Olivia wanted their life to be filled with doctor appointments, ultrasound checkups to see their baby growing, and a scrapbook made with pictures taken week after week of her bump until she reached the day to give birth.

She wanted to go to mommy and me classes and learn how to change a diaper. She wanted to discuss what color they would paint the nursery. What theme would it be, if they were having a boy or girl, and how their baby would look?

Would they grow up to be strong like Olivia, and selfless like Spencer? If they would get Olivia's nose and Spencer's eyes. How in just short of 9 months they would be holding a little mix of both of them.

But instead, their life was filled with a drawer full of negative pregnancy tests in their bathroom.
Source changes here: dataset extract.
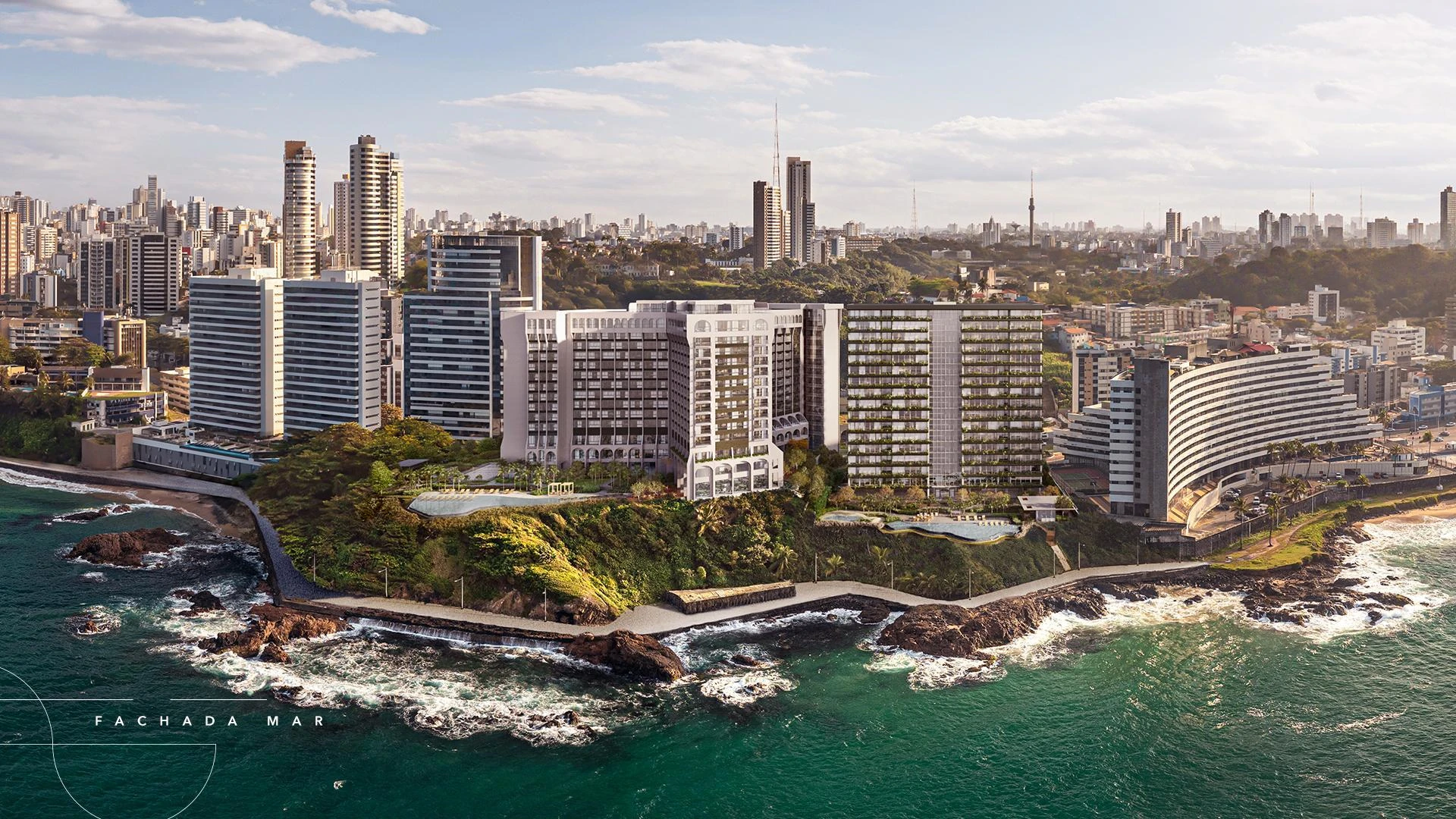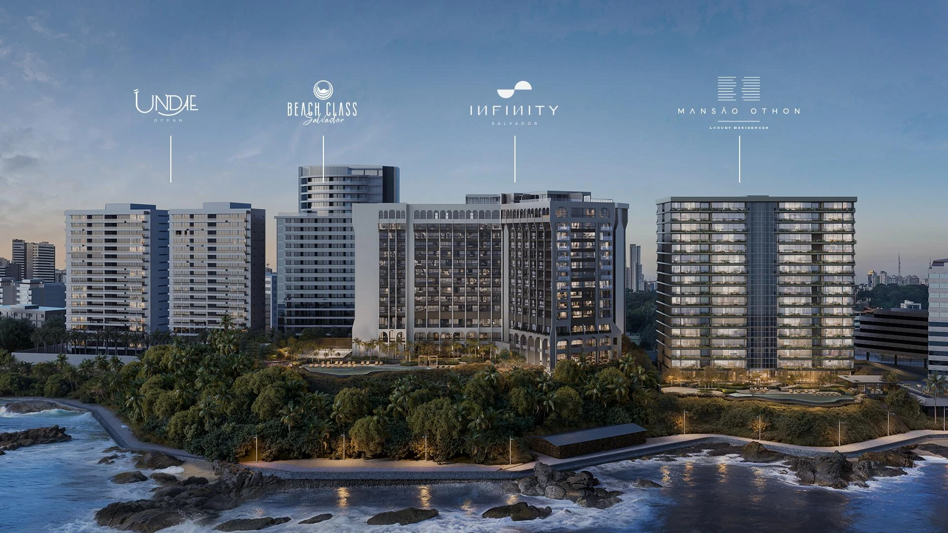 Situada na orla de Ondina, com vista permanente para o mar de Salvador, Infinity Salvador representa uma das transformações urbanas mais significativas do Nordeste brasileiro. Desenvolvido pela Moura Dubeux sobre o terreno do histórico Salvador Othon Palace, inaugurado em 1975, o projeto preserva a memória arquitetônica do local enquanto entrega um complexo contemporâneo de alto padrão que une moradia, hotelaria e negócios em um único endereço.

They had spent the last 9 months wishing that the next test she would take would be positive. Yet they would be disappointed month after month seeing the test turn negative. Adding it to the graveyard where the other tests laid to rest at the bottom of their bathroom drawer.
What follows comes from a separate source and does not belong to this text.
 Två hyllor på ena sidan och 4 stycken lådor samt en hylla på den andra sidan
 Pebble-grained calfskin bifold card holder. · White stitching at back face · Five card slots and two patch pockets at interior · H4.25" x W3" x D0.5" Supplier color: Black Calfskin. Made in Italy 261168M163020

And with each month passing, Olivia would lose hope in her dream of becoming a mother and giving the chance for Spencer to become a father too.

Life had never been easy for Spencer and Olivia and this had been no different. Test after test, and month after month, Olivia would get frustrated. She would get angry, sad, and annoyed that they had been trying everything that was recommended to her, and still seemed to come up short every time.

She lived a healthier lifestyle, took vitamins, got eight hours of sleep every night, hired an assistant, and took as much stress off herself as she possibly could.

She did everything she could in her power to have a baby. Yet even after all of that, there was no baby, but another negative pregnancy test to remind her of it.

They both got everything they could have ever dreamed of.

Their dream wedding was at the venue they wanted it to be in. Their dream honeymoon traveling around Europe. Their dream career with Spencer now playing for the Los Angeles Rams, and Olivia was now the youngest woman to be co-editor-in-chief at the L.A tribune.

She had finally got the big office she had always wanted with her gold-plated name on the door, and the floor to ceilings windows she had dreamed of. They bought their dream home in the neighborhood with good schools, and well-manicured parks.

They had everything they had ever wanted. The only thing they were missing now was a baby.

"What if I can't have a baby?".

Olivia broke down in Spencer's arms after the 9th attempt. The 9th failed pregnancy test. Her dreams of becoming a mom quickly fading into the distance.

The light at the end of the tunnel seemed to be nonexistent. And the dream of filling their home with babies was quickly vanishing before their eyes.

Olivia was now 30. She knew the statistics and how for some it would be harder to conceive in their 30s. Olivia knew the rate of getting pregnant in her 30s would start to decline.

She read all the books and articles about it. She knew the longer she waited to have a baby, the harder it would be to conceive.

Yet she wanted to wait until both their careers were established. They wanted to enjoy their 20s and have children in their 30s. More so Olivia had wanted to.